═════ PROVIDED MATERIAL ═════

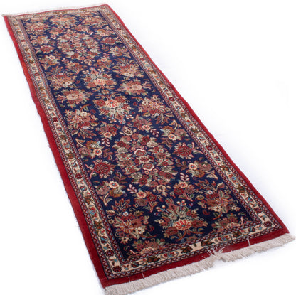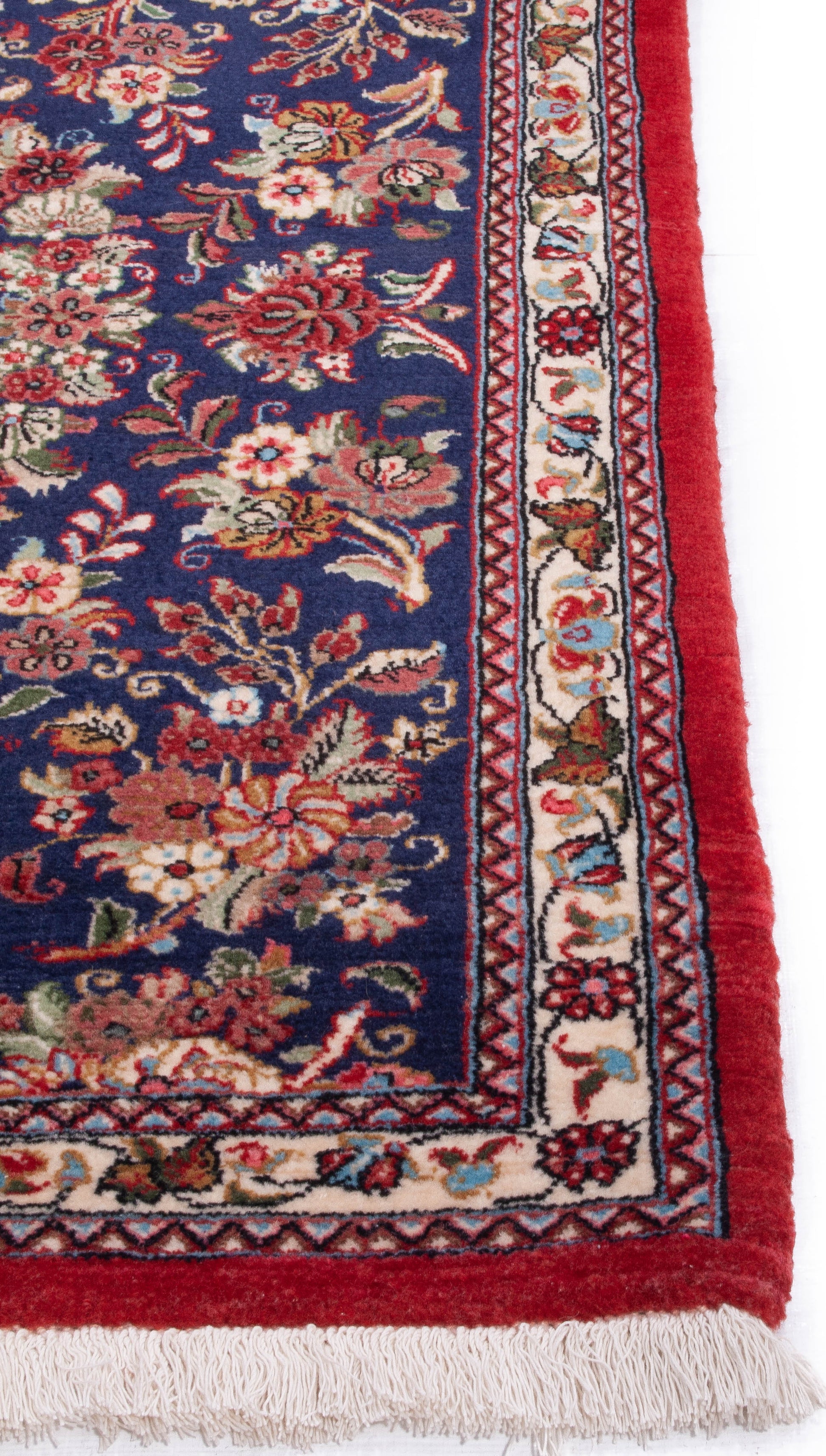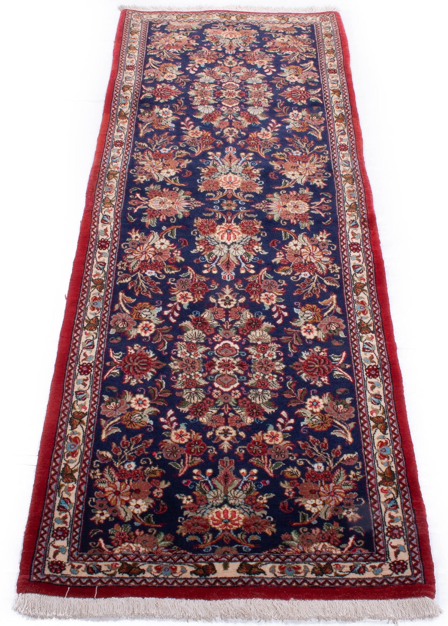 Hand-knotted in Qom, Iran, this Persian runner exemplifies the city's legacy of precision and artistry. Its all-over floral design, anchored by palmettes, rosettes, and flowing vines, unfolds symmetrically across a deep navy field, enriched with tones of ivory, gold, and soft red.
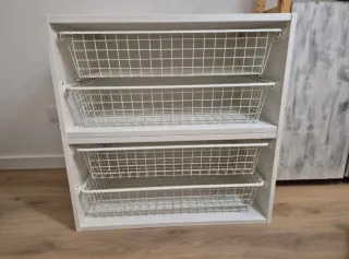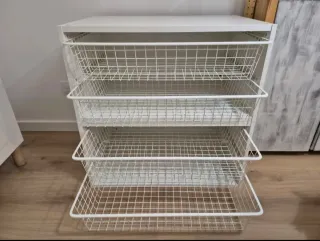Práctica cajonera modular de Ikea con cestas. 4 cestas. - Estructura de madera y cestas metálicas. - Color blanco. - Diseño de cestas abiertas. En perfecto estado. Perfecta para el interior del armario. El tamaño es de 80cms de ancho, 55cms de profundidad y 80cms de alto. Ya montado.
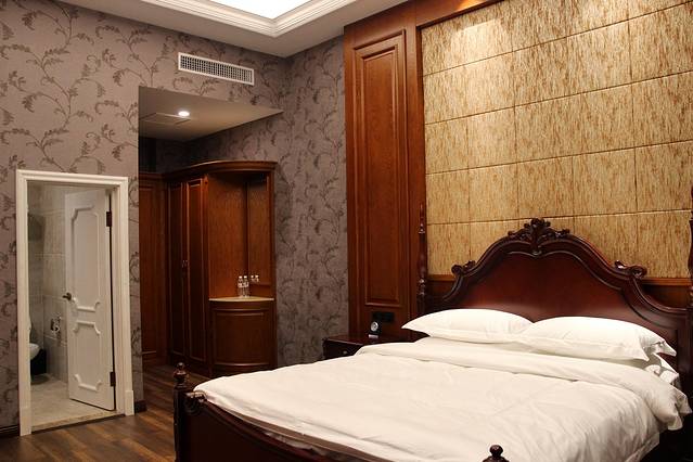 酒店配备了套房、观景标准房、内窗标准房、暗窗标准房和大床房等多种房型,可以满足不同人群的需求。特别强调解释一下这里的暗窗标准房,前面说过,欢乐冰雪世界的滑雪场起点是雪莲城堡酒店的五楼背面,也就是酒店的背面是依山而建,此面客房是不采光的。
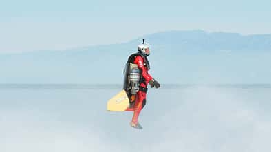 Yves Rossy, bekannt als Jetman, startet mit seinem aufgerüsteten Wingsuit jetzt auch vom Boden....

═════

» WORK ITEM
Reproduce only the lines from the beginning of the data through the line that contains "酒店配备了套房、观景标准房、", both included, and please drop the pictures.

» RESPONSE FOR THIS EXERCISE
 Hand-knotted in Qom, Iran, this Persian runner exemplifies the city's legacy of precision and artistry. Its all-over floral design, anchored by palmettes, rosettes, and flowing vines, unfolds symmetrically across a deep navy field, enriched with tones of ivory, gold, and soft red.
Práctica cajonera modular de Ikea con cestas. 4 cestas. - Estructura de madera y cestas metálicas. - Color blanco. - Diseño de cestas abiertas. En perfecto estado. Perfecta para el interior del armario. El tamaño es de 80cms de ancho, 55cms de profundidad y 80cms de alto. Ya montado.
 酒店配备了套房、观景标准房、内窗标准房、暗窗标准房和大床房等多种房型,可以满足不同人群的需求。特别强调解释一下这里的暗窗标准房,前面说过,欢乐冰雪世界的滑雪场起点是雪莲城堡酒店的五楼背面,也就是酒店的背面是依山而建,此面客房是不采光的。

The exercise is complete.